0x0B // AREA41::2026
Phishing For Patterns: What Happens When Agents Explore Domain Data
SPEAKER: Beni Urech & Patrick Schläpfer DURATION: 30:39

Over five years, Beni Urech and Patrick Schläpfer amassed a massive dataset to track phishing campaigns, specifically targeting threat actors like TA505 and TA551. Their pipeline pulls from certificate transparency logs and zone files into Kafka, transforms the data with Vector, and stores it in a ClickHouse database. This system holds roughly 3.1 billion domains and 50 terabytes of data. While they developed a custom query language for human analysts to build detections, they needed a way to automate the hunting process without rewriting rigid Python scripts for every new threat actor.

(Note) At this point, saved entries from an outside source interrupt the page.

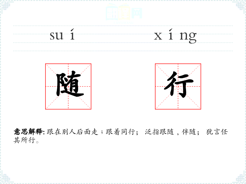 跟在别人后面走﹔跟着同行; 泛指跟随﹐伴随; 犹言任其所行。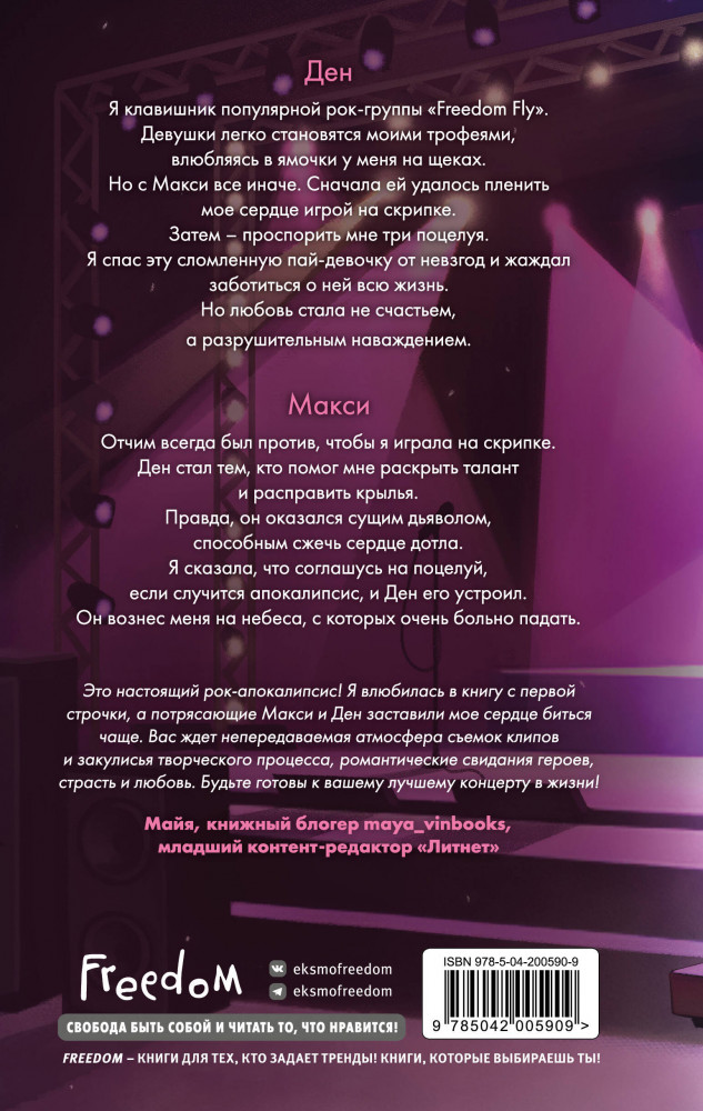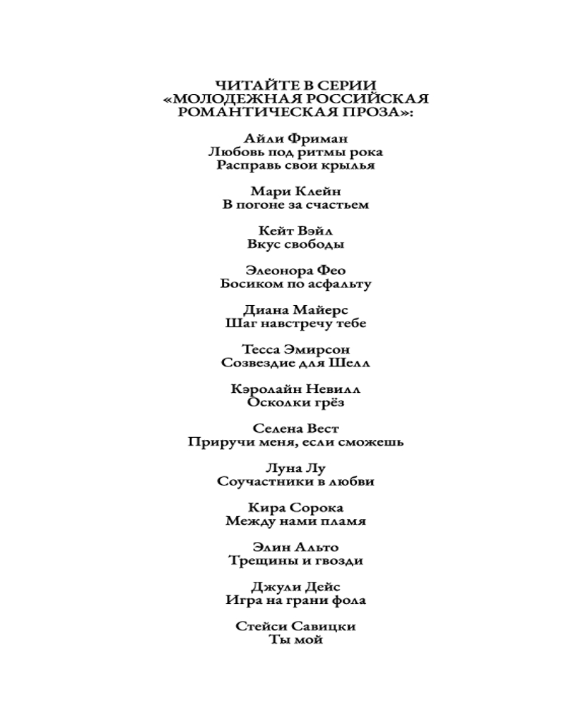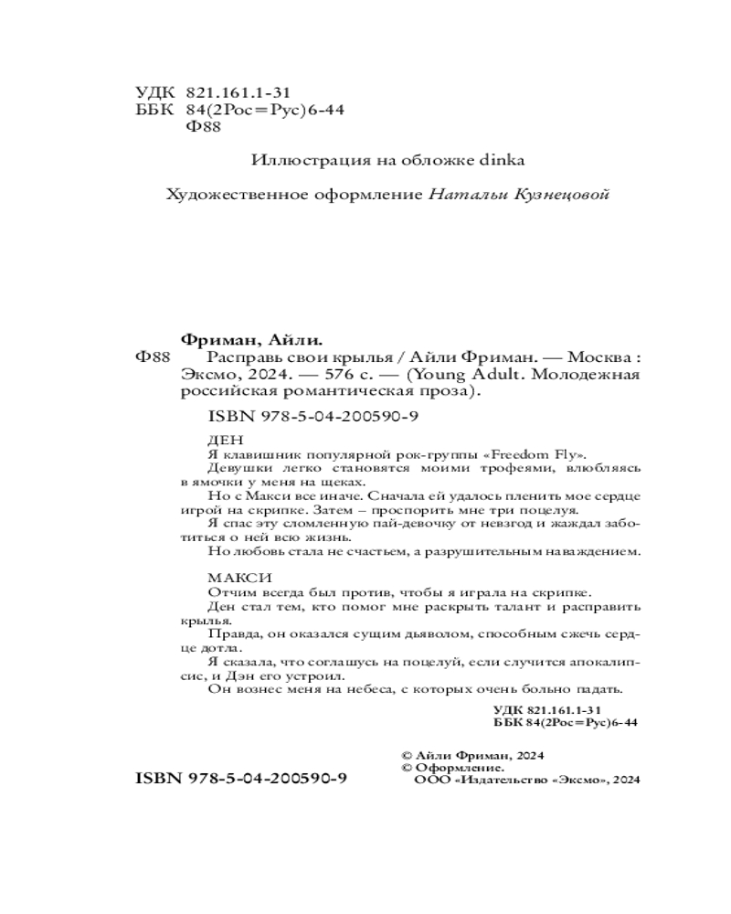 Серия: Young Adult. Молодежная российская романтическая проза Страстная новинка от Айли Фриман — писательницы, которая знает о рок-музыке все! Ее роман «Любовь под ритмы рока» о музыкантах группы «Freedom Fly» покорил сердца тысяч читателей. «Расправь свои крылья» — спин-офф истории, о клавишнике группы Дэне и его искренней любви к девушке Макси. Драйв, адреналин, драма и стекло — в романе все, что вы так любите. Для всех поклонников творчества Эммы Скотт, любовных романов Тилли Коул и Бриттани Ш. Черри.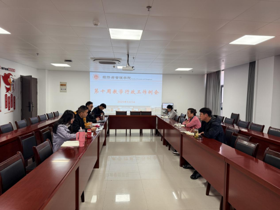 2025年11月5日上午,437必赢会员中心于行政楼725会议室,召开437必赢会员中心第十周教学行政例会,院长助理张珊、叶赵强,教学秘书李健及各教研室主任参加会议,本次例会由院长吴玲主持。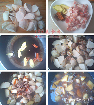 3、热锅下油(不要太多,因为排骨里面有油),放入姜片,八角、桂皮煸出香味后倒入沥干好的排骨进行煸炒,煸至排骨两面微黄时倒入切好的芋头,翻炒几分钟(我通常喜欢吃焦一点的,就炒到芋头表皮皱起来的样子)。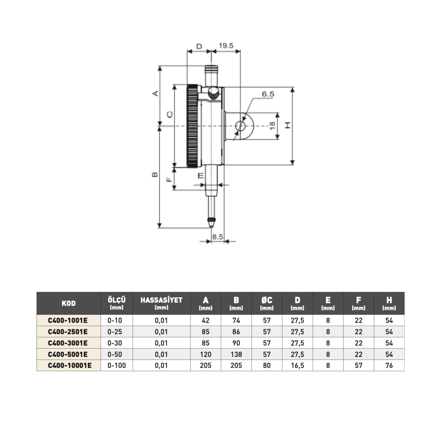 C400 serisi modeller hem kulaklı hem kulaksız olarak kullanılabilir yapısıyla tüm komparatör ayaklarına ve manyetik tablalara kolaylıkla uyum sağlar.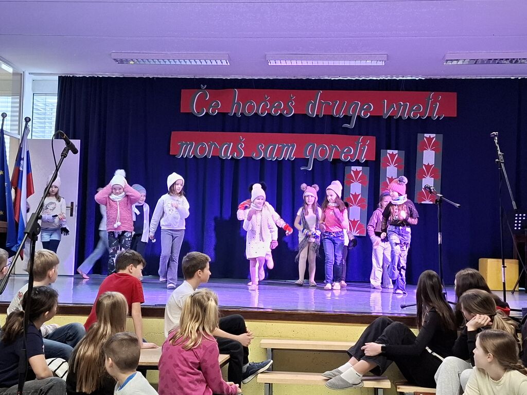 Na šoli je v petek, 20. februarja 2026, potekala prireditev pred zimskimi počitnicami, s katero smo skupaj zakorakali na zaslužene počitnice. Učenci so nas razveselili z deklamacijami, plesnimi točkami, igro, glasbo in plesom. Ob koncu je zbrane nagovorila gospa ravnateljica ter predstavila uspehe učencev v letošnjem šolskem letu. Z dosežki učenci smo dokazali, da res drži naslov pesmi »Res mi dobr gre«.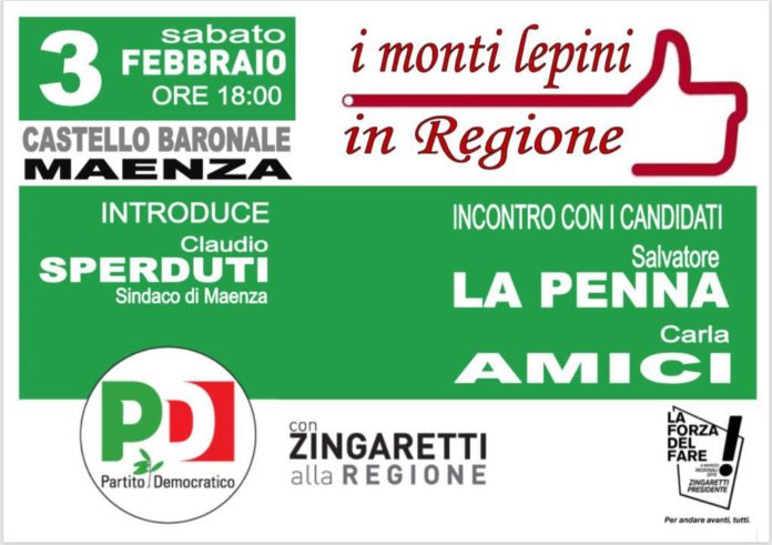 Incontro pubblico sabato, 3 febbraio, a Maenza con i candidati del Pd al consiglio regionale del Lazio Salvatore La Penna e Carla Amici. L’appuntamento è alle 18 al castello baronale. A fare gli onori di casa e ad introdurre gli esponenti dem in corsa al fianco di Nicola Zigaretti sarà il sindaco di Maenza Claudio Sperduti. L’evento, il primo di una lunga serie organizzato da Sperduti, verterà sulle tematiche comuni al territorio, dai trasporti alla gestione dei rifiuti, dalla sanità (con particolare riferimento al futuro delle strutture di Priverno e Sezze), allo sviluppo rurale. Ai candidati in corsa il sindaco di Maenza chiederà un esplicito impegno per la soluzione dei problemi che le amministrazioni comunali incontrano nella gestione quotidiana dei grandi temi.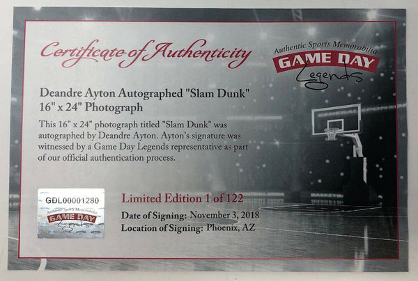 This photograph was autographed by Deandre Ayton. It is officially licensed by the National Basketball Association and comes with an individually numbered, tamper-evident hologram from Super Sports Center Authenticated as well as Steiner Sports Authentic. Your signed item can be identified and verified for authenticity by entering the serial number from your hologram into our online database. This process confirms and guarantees that your collectible is authentic and eliminates all possibility of duplication and fraud.This product is guaranteed authentic and includes a Super Sports Center Certificate of Authenticity and an accompanying tamper-evident hologram.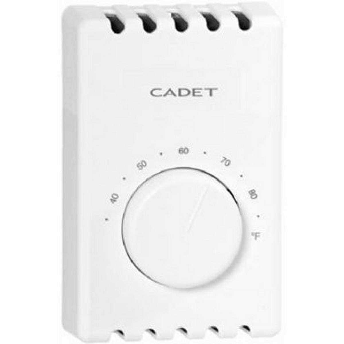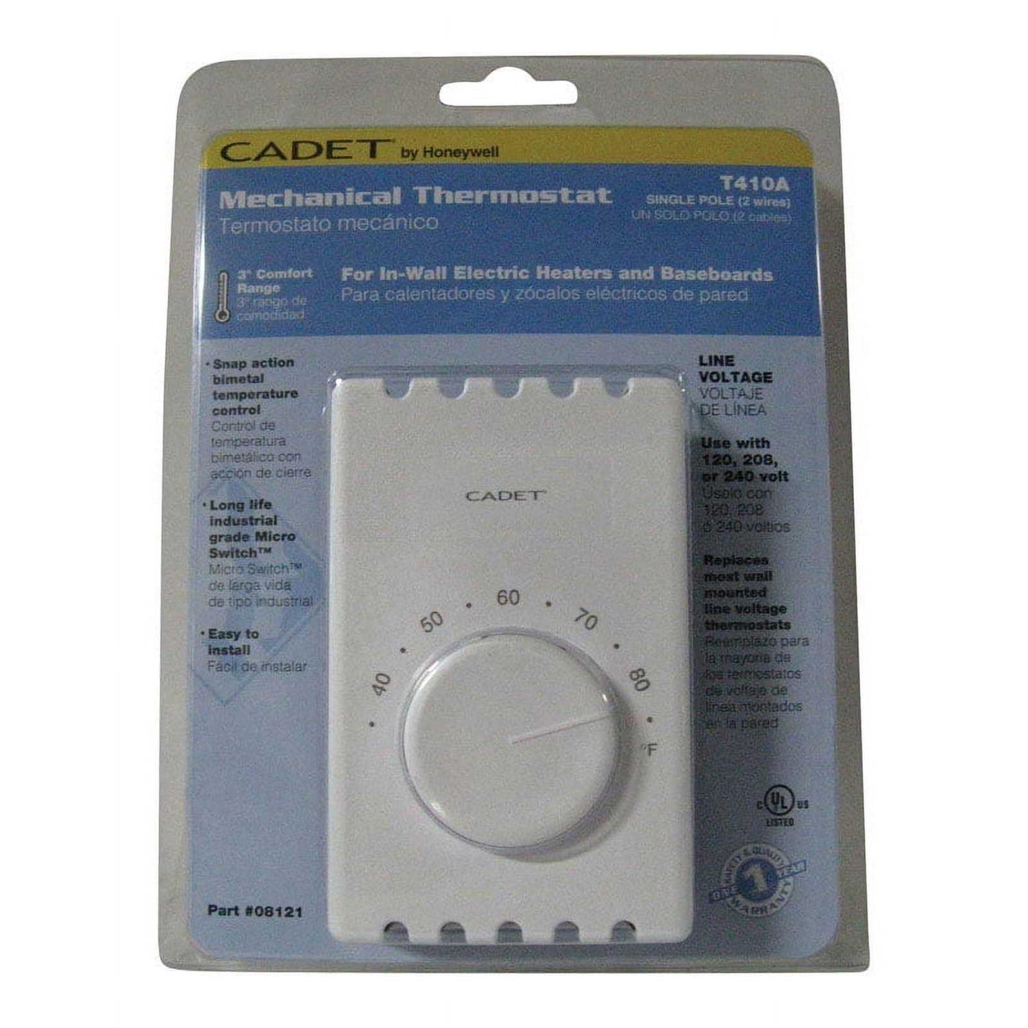 The Cadet by Honeywell T410 Bi-Metal wall mount thermostat is an economical choice for electric heaters and baseboards. Easy to install for new construction or replacement, rated at 22a. White, single pole (2 wires). Bi-metal wall mount thermostat replaces most wall-mount line voltage thermostats. Single Pole (2wire), 22 A Bimetal sensor with snap action switch Temperature range: 40 to 80 degrees Fits standard outlet box Includes cover lock and temperature range stops to govern min/max temperature setting White Additional discounts apply for this item when purchased as Bulk.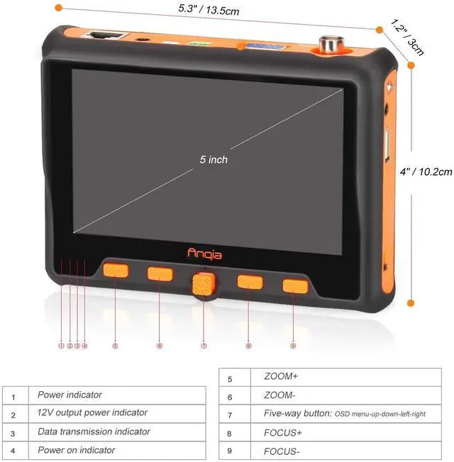 5-inch high-definition screen display, hand-held hook, easy and convenient, long-life lithium-ion polymer battery, can be used normally after charging for 4 hours, USB 2.0 interface provides 5V / 1A emergency power output, it can even be used as emergency mobile power (Only for Android phones)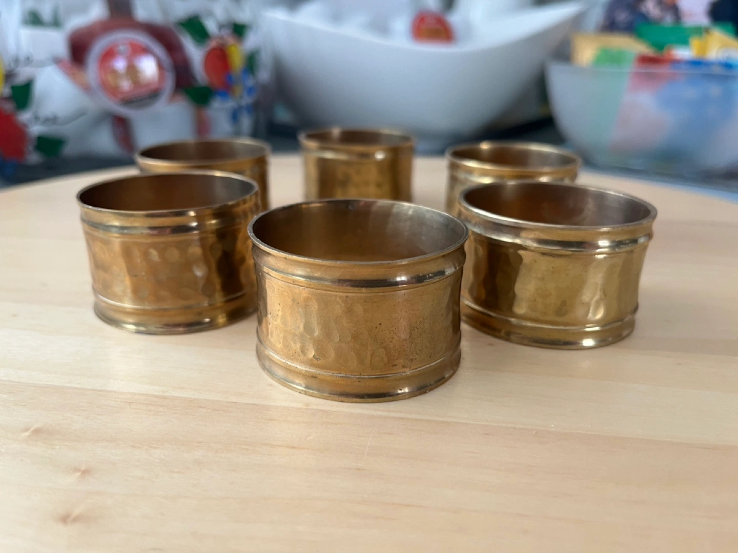 Six beautiful gold hammered brass napkin rings. Perfect for adding a touch of elegance to your table setting. Great for everyday use or special occasions.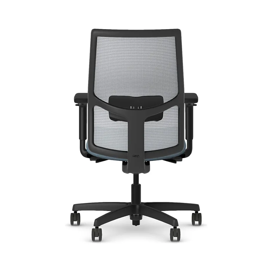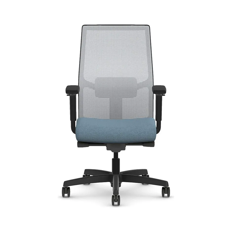 - Four-way stretch mesh back in fog gray, Hamilton Carolina blue fabric seat, and black frame

To automate these hunts, they turned to AI agents. Because language models are stateless and burn through context window limits quickly, they mapped their existing REST API into a Model Context Protocol (MCP) server, allowing models to query the database via remote tools. During iterative development, they learned that tool descriptions act as the primary user interface for language models. Vague prompts led to persistent syntax errors in their custom query language, requiring them to write explicit, example-heavy instructions. They also shifted database outputs from verbose JSON to a dense CSV format, drastically reducing token consumption when handling tabular data.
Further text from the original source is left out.